1. Introduction
In recent years, environmentally-friendly electric vehicles, and IoT (Internet of Things) essential for information society have been promoted. As many switching power supplies are utilized in on-board chargers and power supply units for ICT equipments, their high efficiency, miniaturization, and high power density have become crucial attributes.
To provide these attributes to the switching power supply, a reduction in switching loss is essential. LLC converters are widely used as circuit systems suitable for high efficiency applications [1]-[6]. This is because switching loss can be reduced by soft switching using current resonance [7]-[11].

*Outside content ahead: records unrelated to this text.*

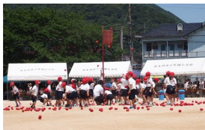
▲1年生の「玉のふんすい」の様子

5月28日の体育大会は、さわやかな天候に恵まれ予定通り開催できました。朝から青空がのぞき、PM2.5等の影響もなく無事終了しました。本年度も「自分のめあてに向かってがんばる」ことを目指した体育大会でしたが、各学年とも練習段階から真剣に取り組む子どもたちの表情や姿をたくさん見ることができました。また、5・6年生は、自分の受け持った係の仕事に責任をもち、最後までやり遂げることで大きな自信につなげることができました。努力することの大切さを実感し、充実した体育大会になりました。当日はお忙しい中、ご来校いただきました来賓の皆様、そして運営を支えてくださったPTA役員や各委員、おやじの会の皆様、ご理解いただいた近隣の皆様、応援していただいた保護者の皆様に、心より感謝申し上げます。ありがとうございました。
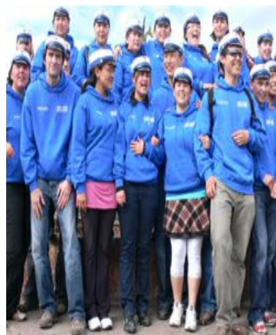
Handelsskolen i Qaqortoq 2010

Men lige så vigtig som skolen er pasningstilbuddene for børnene i førskolealderen. Inatsisartutloven om pædagogisk udviklende dagtilbud til børn i førskolealderen, betyder, at der for hele kommunen kan udarbejdes en samlet plan, der ikke alene tilbyder pasning på daginstitutioner, men også tilbud til førskolebørn i form af forskellige aktiviteter, der skal sikre børnenes udvikling og gøre dem klar til at starte i skolen.
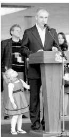
К 2030 году численность населения Ульяновской области должна возрасти до 3 миллионов. Общую задачу перед областной властью поставил Сергей Морозов. Сейчас в регионе проживают 1,267 млн человек.

- Кроме того, необходимо продумать механизм дополнительных выплат, которые молодые мамы могли бы тратить на услуги нянь.
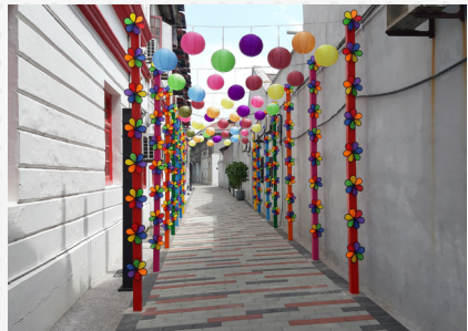
Jabatan Konservasi Warisan

Although the adoption of soft switching reduces the loss of the switching divice, the application of higher switching frequencies to realize miniaturization and higher power density makes loss reduction of the transformer a big task [12]-[14]. The reduction of copper loss is also essential. In the LLC converter, since the ratio of transformer loss to the entire loss is high in comparison with, for example, a phase shift converter, the reduction of copper loss of the transformer is important to realize higher efficiency [15]. One method for reducing transformer copper loss is to decrease AC resistance at the switching frequency, and the best means is by the use of a planar transformer. The planar transformer can realize an interleaved structure, arranging the primary and secondary windings alternately. The significant reduction of the proximity effect of transformer windings by the interleaved structure can decrease the AC resistance of the LLC transformer. It is recognized that the method for reducing the AC resistance by gain of high coupling of the primary and secondary windings of the transformer, for example by use of a planar transformer, is very effective [16]-[19]. However, the increase in stray capacitance due to the gain of high coupling between the primary and secondary sides of the transformer has an obvious impact [20], [21]. More specifically, harmful effects have been reported due to the increased loss from the generation of circulating currents through this capacitance, and the increased dead time for charging and discharging switch output capacitance to achieve zero voltage switching (ZVS) operation [22], [23].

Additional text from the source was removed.